So I encourage people to play D&D without the burden of grandiose story arcs or persistent characters and loot, and as I've been running one-shots so often lately, I've collected some notes on what tends to work and what may not. Obviously all of these notes are subject to your own DM style and your players, so this isn't meant as a manifesto. These are observations (and probably the designers of one-shot systems like D&D Adventure League and Pathfinder Society have know them for years). Read them over, evaluate them, modify them, and test them out.

Cold start

If you start your players receiving a quest from someone in a town, then your players are going to assume, quite fairly, that it's part of the game. That means that your players are going to question the quest-giver. They're going to investigate the town, they'll try to hire people to help them on their quest, and purchase supplies, and plan for their journey. And then 2 or 3 hours into a 3 hour game, they'll be ready to actually go on the adventure.

Start your one-shot at the entrance to the dungeon (assuming you've prepared a dungeon), or the dungeon-equivalent. Let the prologue be a prologue: tell the players their mission (if there is one), and then start the game part of the game so that if the players want to spend an hour turning over every stone, you can at least justifiably spring some traps on them rather than coming up with mundane items for them to discover while second guessing a quest giver who they'll probably never speak to again anyway.

Authoritative start

If you can't do a cold start, for some reason, then one trick I've learnt from some Pathfinder Society campaigns is to make sure that the quest giver is a person of authority of the player's faction or organization. In official Pathfinder Society adventures, there's an in-game organization called the Pathfinder Society, and players are each members of the society, so when they begin an adventure, it's because a Venture Captain within the organization has requested them to go on a mission. The PCs trust the Venture Captain because they understand that this NPC is a figure of authority within their ranks. If a first-time Pathfinder Society player doesn't know this and starts to interrogate or suspect the quest give, it's easily explained: "Your character knows and respects the Venture Captains of the Society".

Your setting may not have a Pathfinder Society, but it's easy to invent a faction or guild, or any generic "trusted friend" who can bestow a quest upon your players. Reminders that they know and trust the NPC can be generously applied as needed.

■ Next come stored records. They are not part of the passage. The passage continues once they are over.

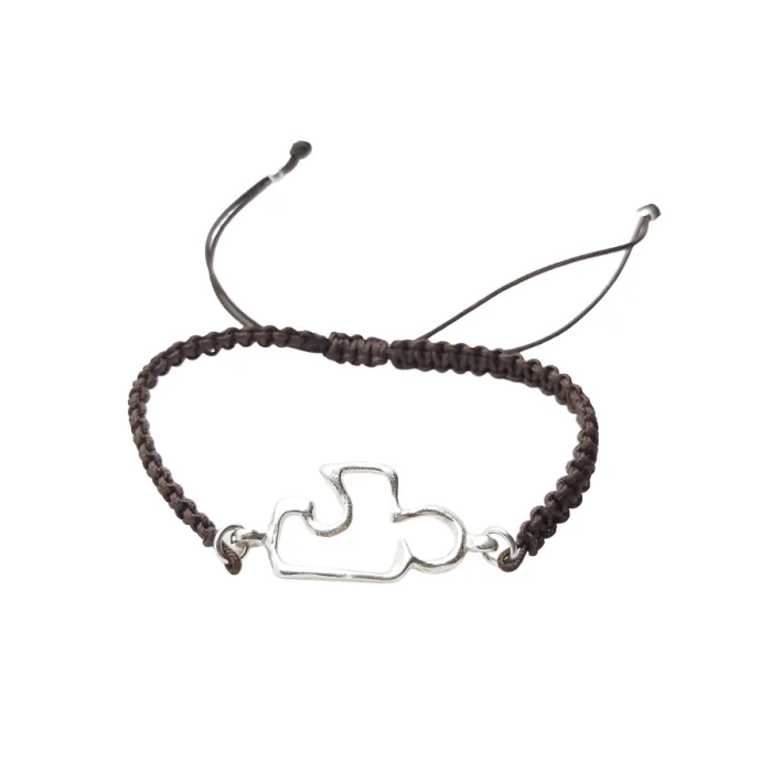 Kayıp mum tekniği ile gümüşe dökülen sembol yapboz parçasının, renkli ve ayarlanabilir örgü bileklik ile eşlendiği bu tasarım, hikaye kartı ile gelir.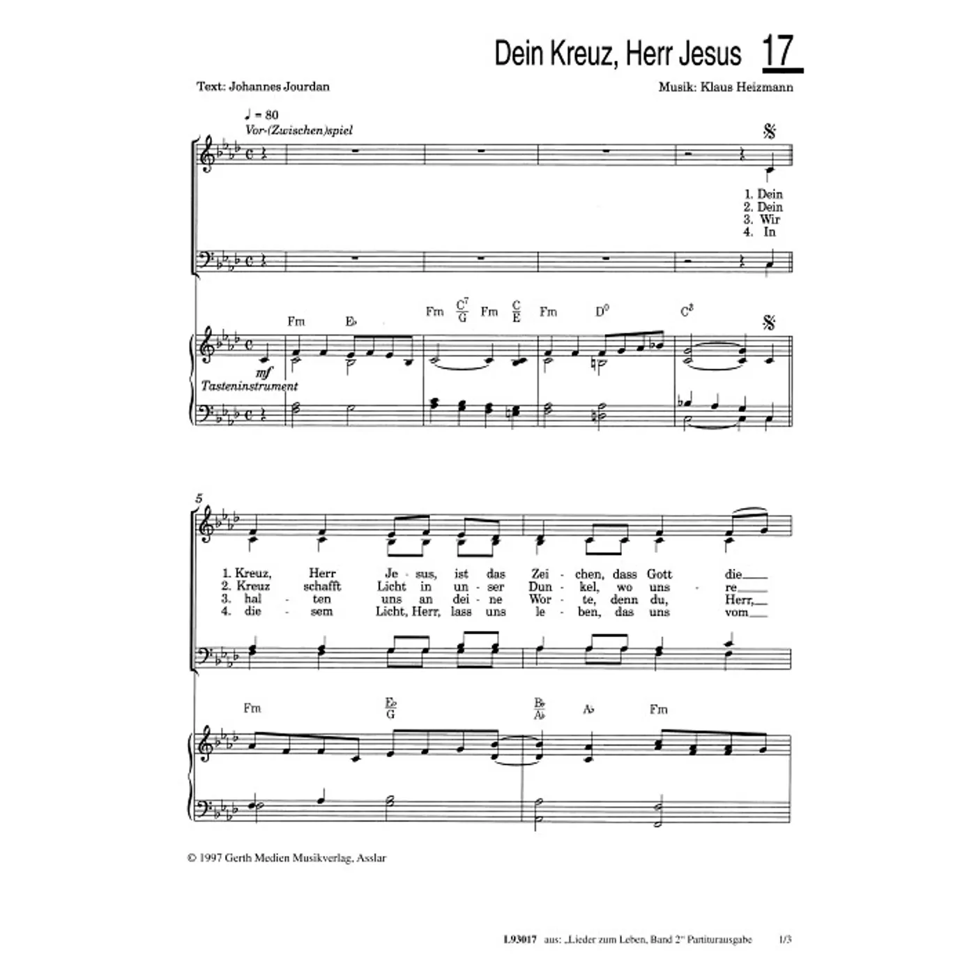 Dein Kreuz, Herr Jesus (traditionell, gemischter Chor, mit Akkorden, vierstimmig, F-Moll) Klaus Heizmann (Komposition), Johannes Jourdan (Text) | traditionell, gemischter Chor, mit Akkorden, vierstimmig, F-Moll | 1,50 € |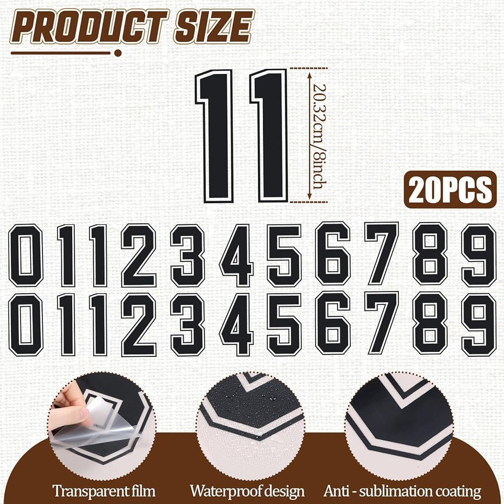Ideal Fit Size: Each number measures approximately 8 inches tall, making them perfect for team uniforms and jerseys. The black font with a stylish border design ensures they stand out, boosting team spirit and player recognition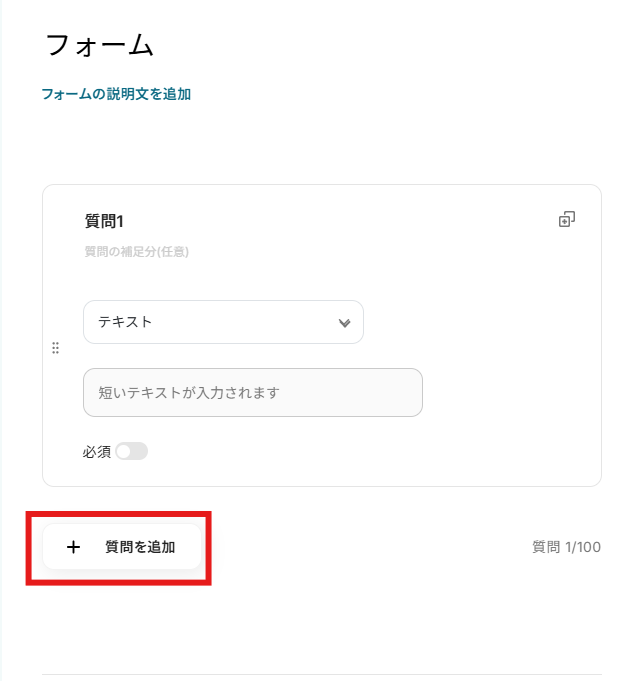 今回はデフォルトで「質問」が入力できるフォームとなっています。 さらに設問を追加したい場合は「質問を追加」から行ってください。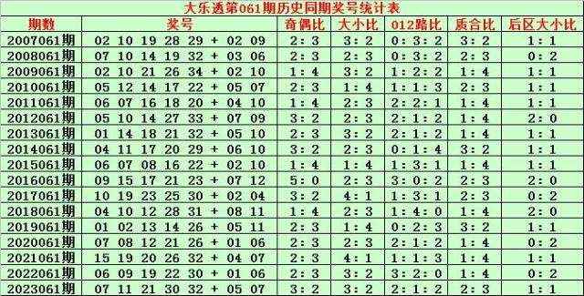 4、在历史同期第061期开奖中,前区号码012路总比例为22:31:32,0路号码走势最冷,本期注意012路号码基本持平,关注012路比2:1:2。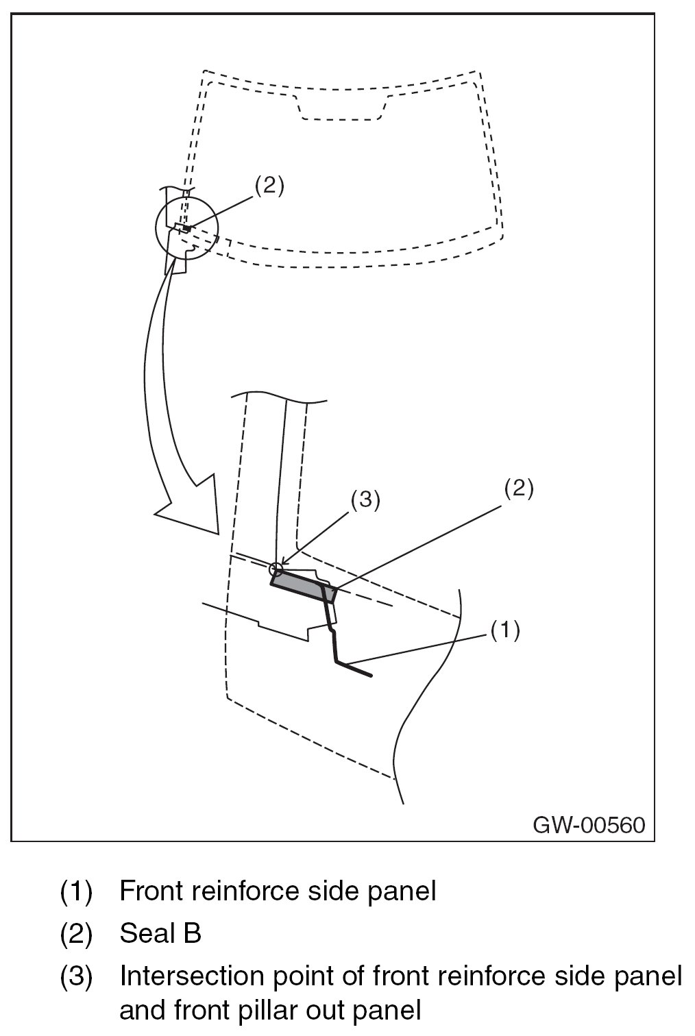 7. Apply the seal B (2) to terminal section of front reinforce side panel (1) and the intersection point (3) of front reinforce side panel and front pillar out panel.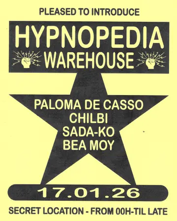 HYPNOPEDIA WAREHOUSE takes place at TBA in Miami, United States on Saturday, January 17, 2026. Featuring Bea Moy, Paloma de Casso.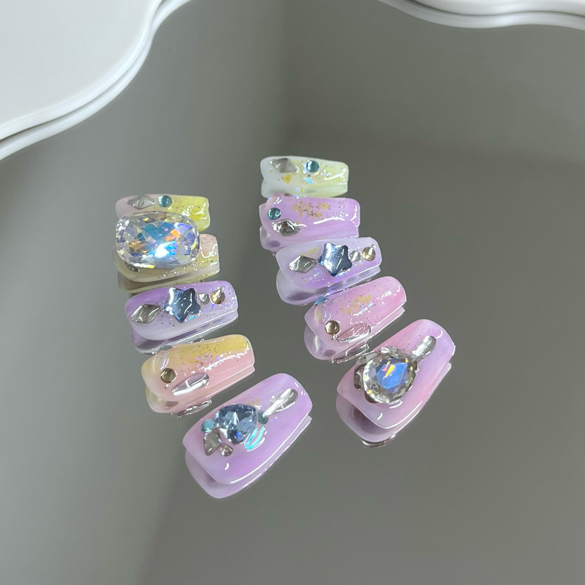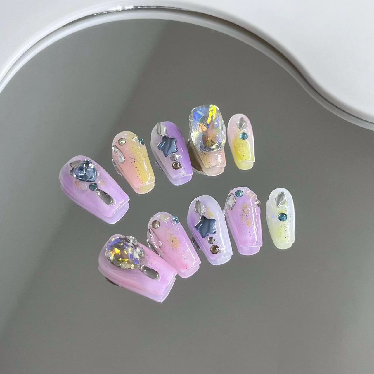 纯手工穿戴甲梦幻甜心彩色多巴胺渐变贴钻成品美甲贴片春夏美甲片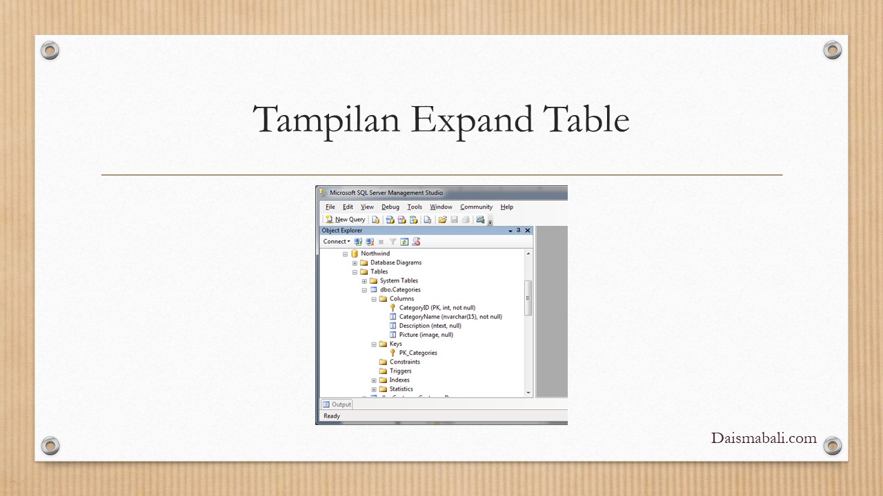Untuk melihat detail dari sebuah tabel cukup melakukan hal yang sama yaitu melakukan expand dengan menekan tanda + pada tabel yang diinginkan. Nanti akan tampil field , tipe data , panjang data dan constraint dari tabel tersebut seperti gambar berikut :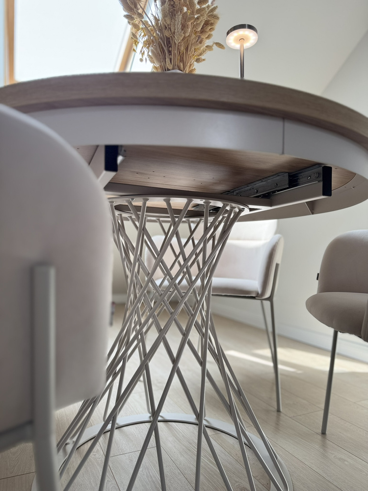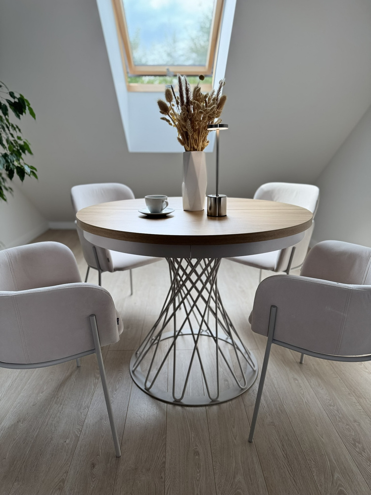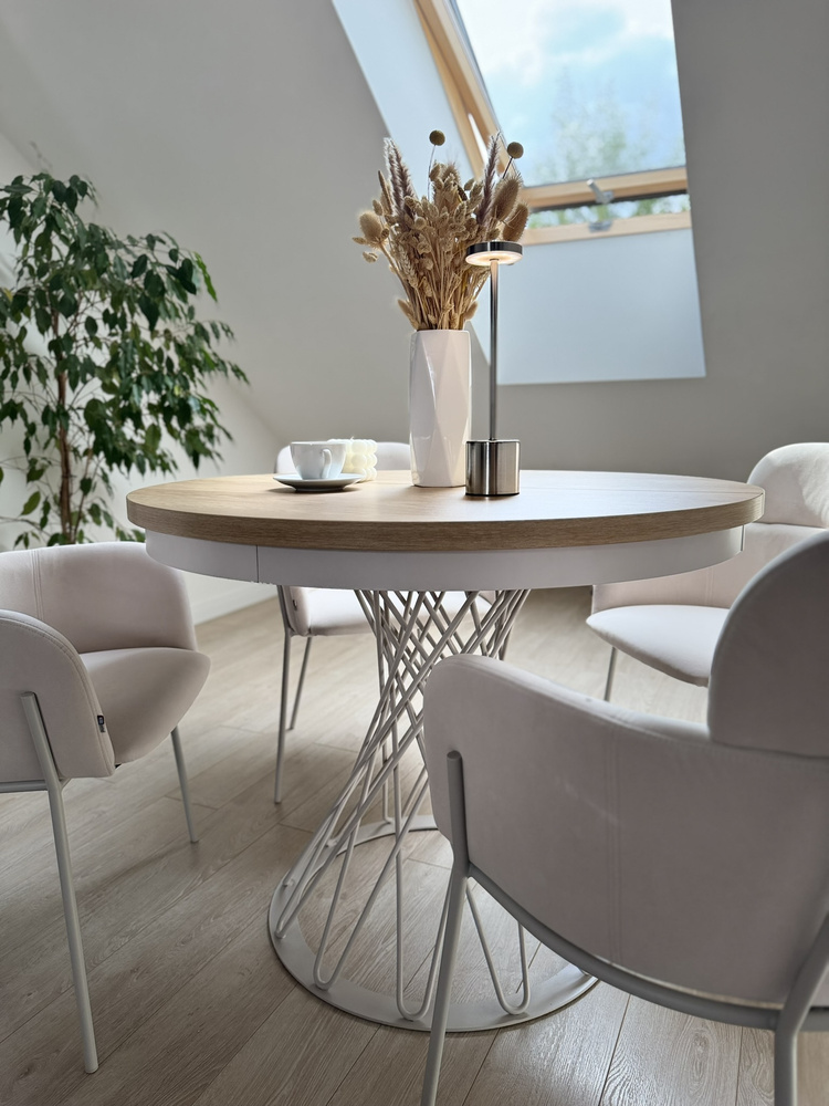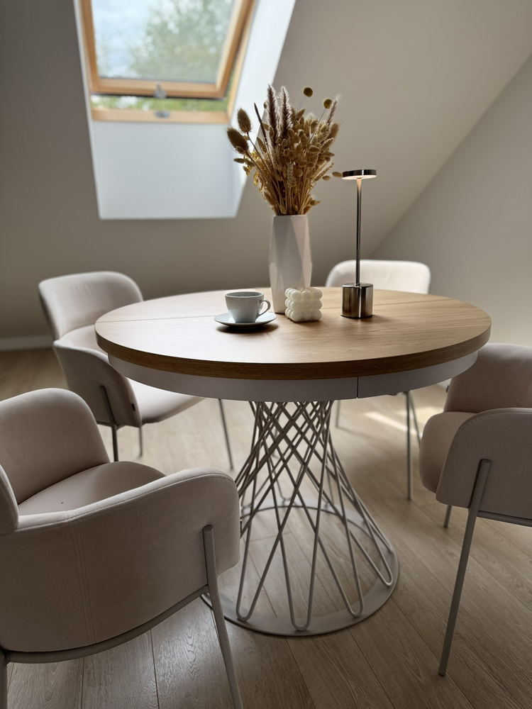 Bordet Gardino 100/140 cm är ett unikt möbel som kombinerar modern design med loftliknande lätthet. Den runda bordsskivan i naturlig ek kan förlängas till 140 cm, vilket gör den till ett perfekt val för både vardag och fest. Den öppna, kashmirfärgade basen i metall ger den en lätthet och en unik stil. GARDINO passar perfekt i ljusa, mysiga interiörer – både i matsalen och i vardagsrummet.

To prevent the players from spending literal hours in town preparing for the quest, the quest giver should also have arranged transportation to the adventure site, and that transport is leaving NOW. Whether it's a boat or a caravan or a [cowardly] guide (if the guide isn't cowardly, the players will attempt to recruit them), it has to be leaving within minutes of the quest being given to ensure that the next stop of the game is...the game.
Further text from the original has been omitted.